Supplementary information: Supplementary data are available at Bioinformatics online.

1 INTRODUCTION

In cancer, recurrent genomic aberrations are highly likely to affect oncogenes or tumor suppressor genes that drive cancer progression. One efficient way to identify such aberrations is to investigate genomic profile of allelic imbalance (AI) simultaneously across the genomes of a number of similar tumor samples. Detection of AI is based on the study of the relative proportion of the two alleles (A and B) at heterozygous sites (Wong et al., 2004). In a diploid normal heterozygous locus, the expected frequency of the B allele is 0.5 (1:1 ratio). AI is defined as a significant deviation from this proportion. The genotypes, B, AAB, BB, which show loss of heterozygosity (LOH), duplication and copy-neutral LOH, respectively, are examples of AI. The first two cases are also examples of Copy Number Aberrations (CNA).

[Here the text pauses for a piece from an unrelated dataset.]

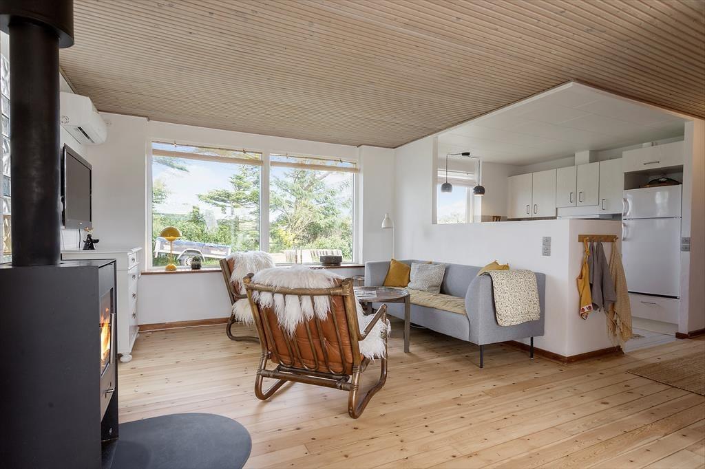 Sommerhuset har ligget her på Møllebakkevej 30 siden 1968, og i 2024 er det blevet grundigt renoveret, så det fremstår lyst og indbydende. I indretningen er der gjort brug af både moderne design og retromøbler, og med naturmaterialer og kønne farvetoner emmer rummene af hygge og afslapning. En langstrakt eftermiddag i sofaafdelingen nær den knitrende brændeovn er perfekt, hvis du drømmer om at komme videre med strikkeprojektet eller slappe af med en god bog – og hvis du glæder dig til at have god tid til at kræse om maden, kan du allerede nu begynde at se frem til at gå i gang med at kokkerere i den åbne køkkenafdeling. Med to soveværelser og et brusebadeværelse passer planløsningen godt til fire personer, og en hund er for øvrigt også velkommen, hvis du skal have din firbenede ven med på ferie.

To date, investigation of AI/LOH in cancer studies has mainly been based on single nucleotide polymorphism (SNP) genotyping or comparative genomic hybridization arrays and the potential of WES data has not been fully exploited. To our knowledge, there is no publicly available software for identification of recurrent genomic AI segments, using WES data, shared across multiple tumor-only samples (Liu et al., 2013). To address the limitation, we developed a novel software, ExomeAI, which can detect recurrent AI across cancer genomes by analyzing batches of WES data, and specifically in the absence of matched normal samples. We recently applied our approach to different cancer types [e.g. Small-Cell Carcinoma of the Ovary Hypercalcemic Type, (Witkowski et al., 2014), gliomas and renal cell carcinoma (our unpublished data)] and successfully identified recurrent AI regions. To facilitate the analysis for non-computational cancer researchers, using Galaxy platform (Goecks et al., 2010), we implemented our approach and developed a user-friendly web application.

2 METHODS

As shown in Supplementary Figure S1, ExomeAI gets a batch of tumor Variant Call Format files, as input (see Supplementary information for an alternative format). Using preset quality filters on variants, it converts read counts for each variant to B-allele frequency (BAF), where BAF is the number of reads with the non-reference base at the variant site divided by the total read count. Since only heterozygous variants are informative in AI detection, only variants with BAF values from 0.05 to 0.95 (default values) will be used as heterozygous variants for further analysis. The expected BAF in a normal sample is 0.5 (one copy of B and one copy of A). The absolute deviation of BAF values (dBAF) from the expected value (dBAF = |BAF − 0.5|) is used for segmentation and segment-wise calling. Segments of similar dBAF values are detected using circular binary segmentation (CBS) algorithm (Venkatraman and Olshen, 2007). The CBS algorithm is applied to each arm of all chromosomes. For segment-wise calling, where matched samples are not available, the dBAF values of each segment can be compared with a fixed threshold. Although a fixed cutoff approach has been used successfully for SNP arrays (Staaf et al., 2008), the proper threshold may vary for WES datasets with different qualities (e.g. varying sequencing depths). We propose a two-step approach: We first call AI at each variant over the genome using a binomial test (Sathirapongsasuti et al., 2011) and we calculate the mean dBAF values for non-AI variants. In the second step, a Wilcoxon signed rank test is performed to evaluate the distribution of dBAF in each segment (see Supplementary information for details).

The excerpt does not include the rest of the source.